→ **Records provided**
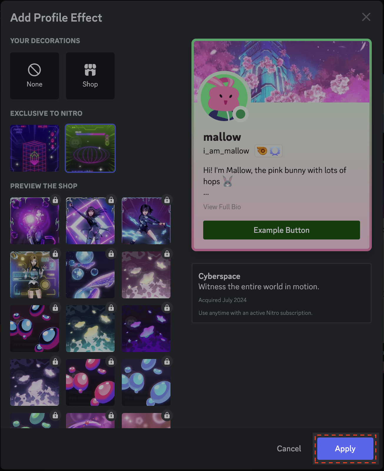 아바타 장식처럼, 구매한 프로필 효과는 소유하시게 되며, 컬렉션에 추가됩니다. 프로필 탭 > 효과 변경에서 찾아볼 수 있습니다. 거기에서 보유 중인 프로필 효과를 적용하거나 상점에 접근하여 추가 효과를 구매할 수 있습니다. 프로필 효과에 대한 자세한 내용은 여기에서 확인하세요.
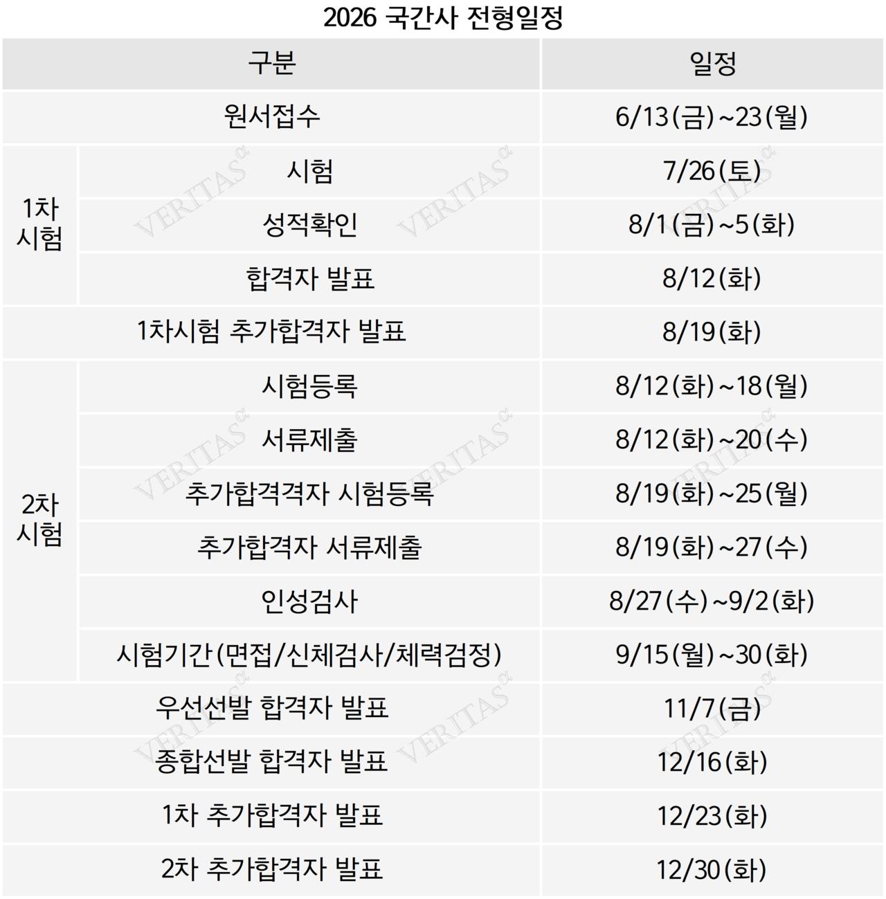 [베리타스알파=조혜연 기자] 2026학년 4개 사관학교(육군 해군 공군 국군간호)의 1차시험 일정이 7월26일로 확정됐다. 국군간호사관학교(이하 국간사)가 지난달 31일 발표한 제70기 생도선발 기본계획에 따르면 1차시험은 기존과 같이 사관학교와 공동시험으로 치러지고, 수능과 유사한 형식으로 국어 영어 수학이 출제된다. 경찰대학의 1차시험 일정은 아직 확정되지 않았지만 다수 입시기관에 확인한 바에 따르면 올해는 경찰대학 역시 사관학교와 같은 날인 7월26일에 치러질 가능성도 흘러나오고 있다. 2025학년 7년 만에 시험일정이 분리됐지만, 사관학교-경찰대학 간 합격생의 이탈이 적지 않았던 데다 중복지원이 가능해지면서 급격히 증가한 응시자로 시험 운영에도 어려움을 겪었던 것으로 보였다고 분석된다.
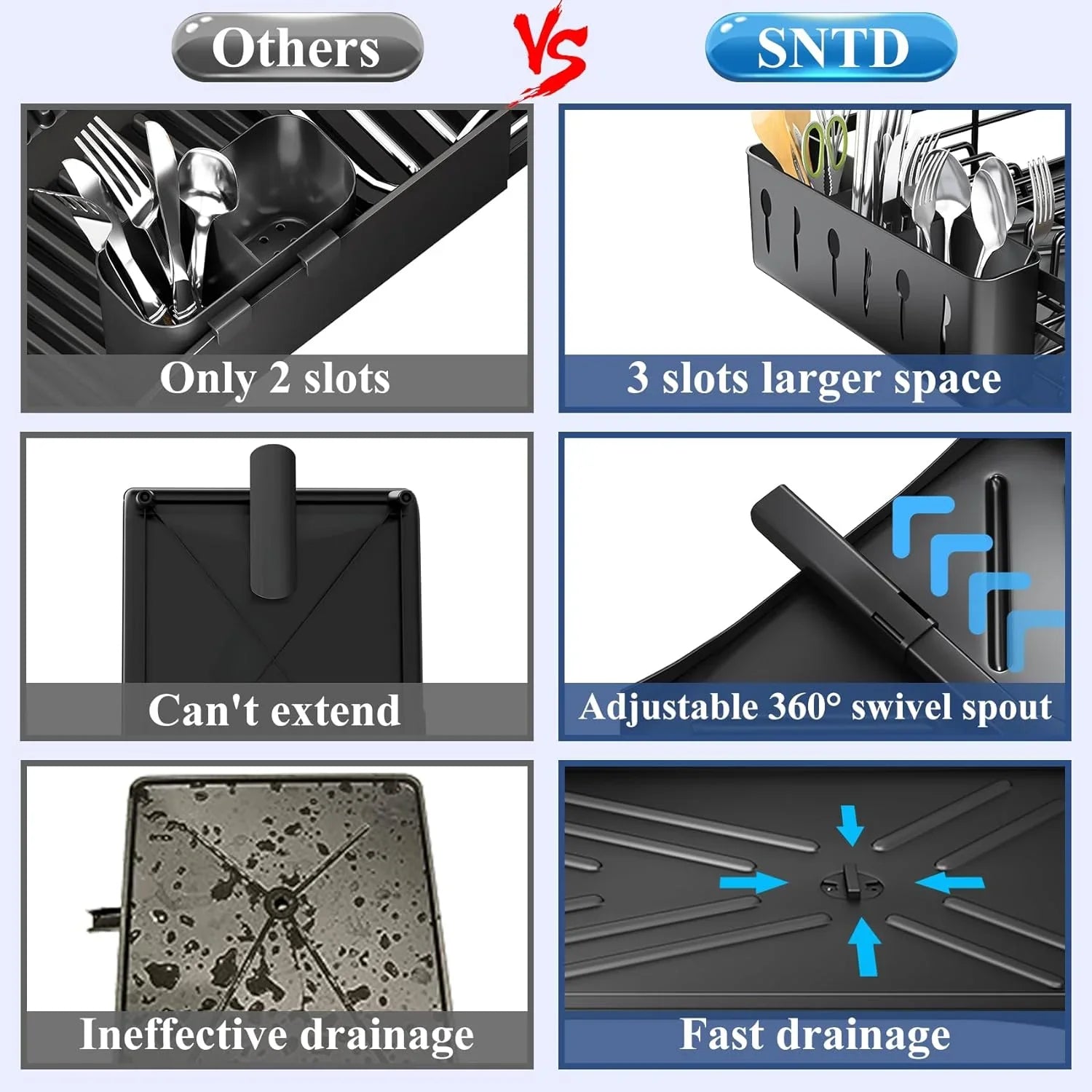 Transformera din köksupplevelse med Royallure Large Dish Drying Rack, utformat för att förbättra effektivitet och organisering. Denna robusta diskställ har en oberoende, större bestickhållare som överträffar standardmodeller, med tre dedikerade platser för skedar, gafflar och knivar. Säg adjö till röran och hej till en mer bekväm arbetsyta i köket. Den innovativa designen säkerställer att dina redskap är lättillgängliga, vilket gör matlagning och städning till en enkel uppgift. Diskställningen är utrustad med ett uppgraderat dräneringssystem som inkluderar en justerbar svängbar avlopp och en lutande dräneringsbräda. Denna genomtänkta design förhindrar effektivt vattenläckage och säkerställer att dina bänkskivor förblir torra och prydliga. För optimal prestanda, se till att din kökskran är i linje med bänkskivan för bästa dräneringsupplevelse. Höj din köksorganisation med detta oumbärliga verktyg som kombinerar funktionalitet och stil.
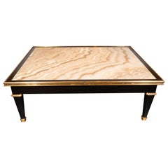 A wooden table with a glossy finish and a unique wood grain pattern is displayed against a white background. The table has a black frame with gold accents and is positioned on a light-colored floor. | Modernist Black Lacquer and Bronze Cocktail Table with Onyx Top & Bronze Mounts | d6b06d4c36c2473094a9faea24a69ad42c6a548366c6ec1978c56a2776fd5fd1 | 001229704302 | 0 | 0 | 35 | 13 | 0 | 0 | |
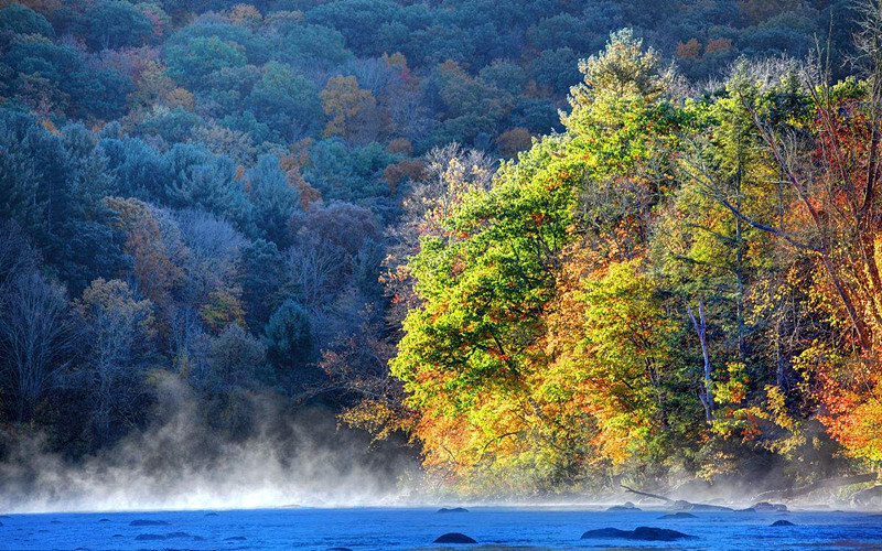 另一处风景绝美的新英格兰红叶景区是位于西康涅狄格州的利奇菲尔德山,坐落在伯克夏山脚下。顺着7号公路在新米尔福德与康沃尔之间沿胡萨托尼克河前行,将看到一些枫树、橡树、山杨树、山毛榉和桦树,迸发出温暖的红、黄、橙。
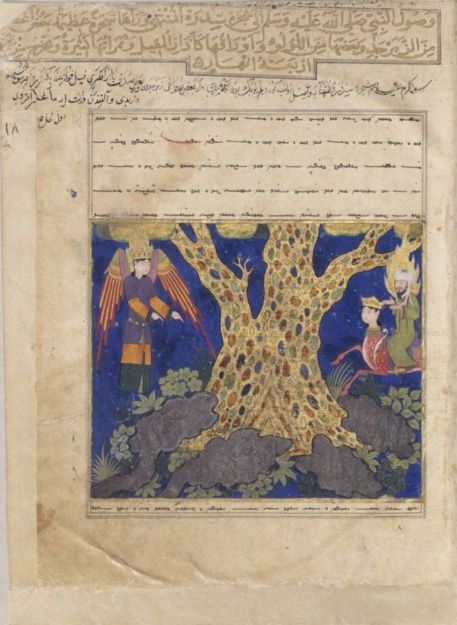 Picture depicts Muhammad in the middle with his veiled daughter Fatima to his left, his cousin and son in law Ali on his right hand, and grandchildren, Ali and Fatima's two sons, Hasan (in green) and Husain (in red). "The holy family" has a high position among all Muslims, but especially among Shia Muslims. Their names are written in the rosette to the left, top says "Allah", then follow clockwise: Muhammad, Fatima Husain, Hasan and Ali. ... Behind Muhammad is the messenger Djibril (Gabriel) with Quran in his hands. ... On this as on other pictures of Ali, he keeps one of his characteristics in his hands, sword [Zulfiqar] with the characteristic double header.These icons of Mohammed rocketed to momentary fame in early 2006 when at the height of the uproar over the "cartoon crisis" the Danish newspaper Jyllands-Posten linked to the previously obscure University of Bergen site to prove that Muslims themselves often depict Mohammed, debunking the trumped-up claim that there is a universal taboo against such representations. The article at Jyllands-Posten was, however, subsequently deleted, although the Bergen source page remains online to this day.
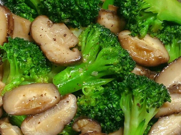 3.煸炒至香菇变软后,再倒入焯好的西蓝花继续翻炒均匀,加入适量的食盐和胡椒粉,继续翻炒均匀入味,即可出锅开吃。
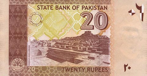 Пакистанская рупия. Купюра номиналом в 20 PKR, реверс.

→ **Aim of the exercise**
Pictures are to be left out; the answer must otherwise be exactly the lines from the one with "3.煸炒至香菇变软后,再倒入" through the final line of the entries above, both included.

→ **Exercise result**
 3.煸炒至香菇变软后,再倒入焯好的西蓝花继续翻炒均匀,加入适量的食盐和胡椒粉,继续翻炒均匀入味,即可出锅开吃。
 Пакистанская рупия. Купюра номиналом в 20 PKR, реверс.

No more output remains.